IIM Indore director climbs Africa’s highest peak, Mount Kilimanjaro


New Delhi: Mount Kilimanjaro, Africa’s highest peak, once again hoisted the Indian flag as Professor Himanshu Rai, Director of IIM Indore, scaled its 5,895 meters (over 19,000 feet) height. He attributed his achievement to India and IIM Indore. Professor Rai had started to climb this summit on July 9.

Taking to Twitter, Himanshu Rai said: “With your blessing, I participated in the summit of Uhuru (Mount Kilimanjaro) yesterday July 15 at 7:30 a.m. The tallest freestanding mountain in the world and the highest peak in Africa have been conquered. I dedicate this summit to my country, and to @IIM_I and to the whole #IIMI family.”

He finally reached the summit at 7:30 a.m. on July 15, after six days of hiking. The ascent of the last stage started at 12 noon on July 14 and finished at 6:30 p.m. at the camp. Rai was accompanied on this excursion by two other buddies and comrades who climbed this peak with him.

Prof Rai says that climbing Mount Kilimanjaro, which has a total altitude of almost 19,000 feet, is extraordinarily difficult.
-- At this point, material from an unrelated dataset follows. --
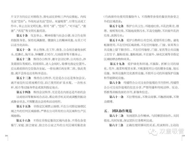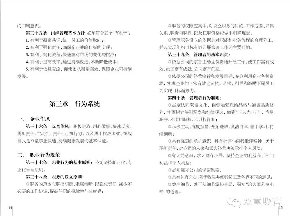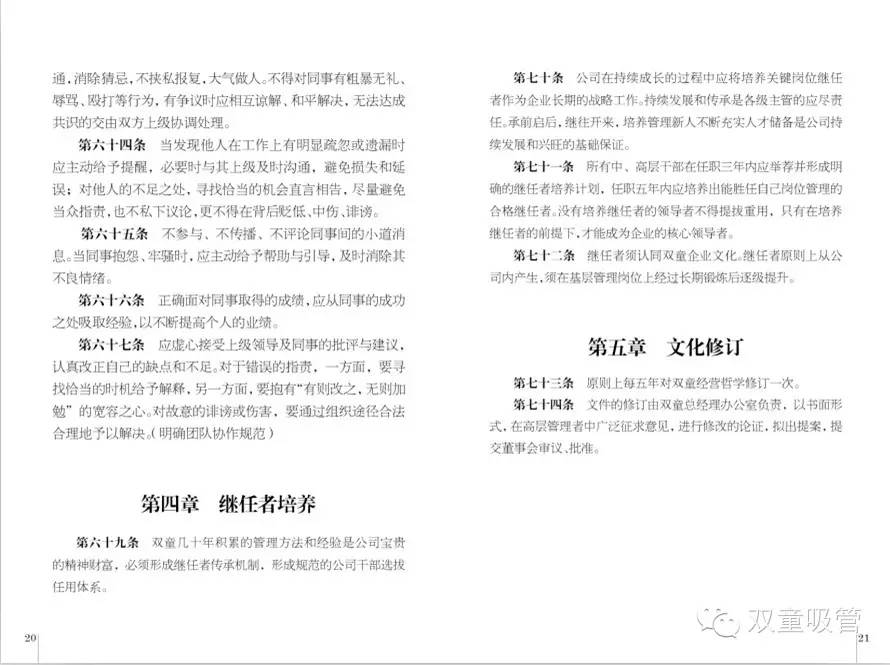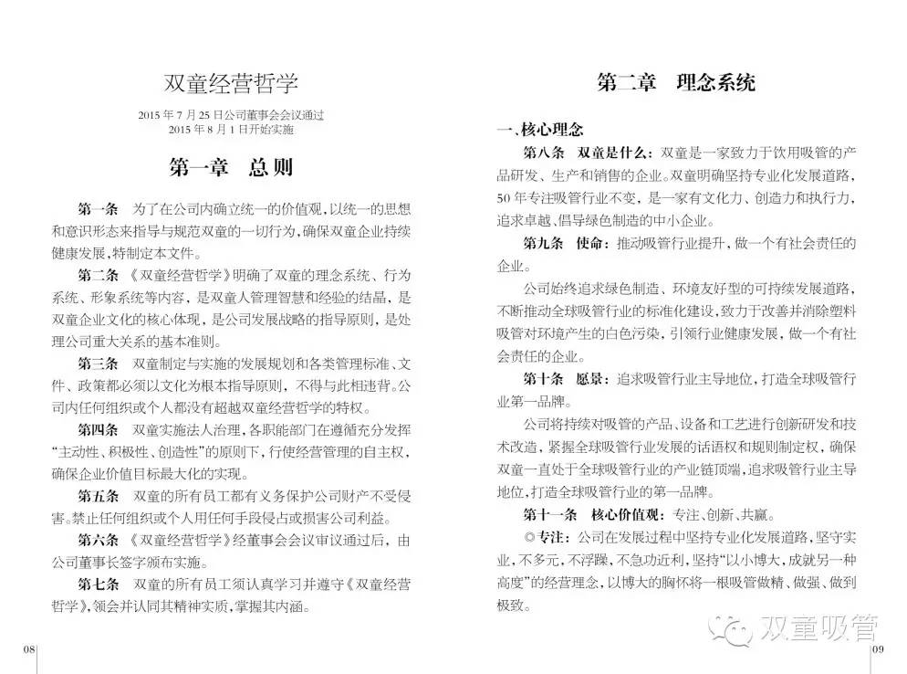 在《雙童經(jīng)營(yíng)哲學(xué)》中,共分為五章內(nèi)容,分別為總則、理念系統(tǒng)、行為系統(tǒng)、繼任者培養(yǎng)、文化修訂。不論是企業(yè)的哪些行為,都可以從中找到依據(jù)和準(zhǔn)則。

Due to the intense cold and strong winds, night mountaineering is considered the most difficult. There are seven paths leading to the top of the mountain, each with a distinct dwelling type. This peak can take 5-9 days to climb on average.

Professor Rai remarked that he has always loved mountaineering and has planned a trip to Africa just for that purpose. He said Mount Kilimanjaro was chosen because it is the highest peak in the world that is not part of any mountain range.

All other mountains are part of a range. Rai has already climbed Rudra Gaira Parvat and Kala Patthar Parvat.

Mount Kilimanjaro

Mount Kilimanjaro, located in Tanzania, is the highest peak in Africa, rising to 5,895 meters (19,340 feet). It is the tallest freestanding mountain in the world, which means it is not part of a mountain range.

Kilimanjaro, also known as a stratovolcano (a massive volcano formed from ash, lava and rock), is made up of three cones: Kibo, Mawenzi and Shira. Kibo is the summit of the mountain and the tallest of the three volcanic structures. While Mawenzi and Shira are no longer active, Kibo is latent and could flare up again. Scientists believe the last eruption occurred 360,000 years ago. Uhuru, the Swahili word for “freedom”, is the highest point on Kibo’s crater rim.

The mountain is also known for its snow-capped peak, but experts warn that the snow could disappear within the next 20 or so years, according to National Geographic.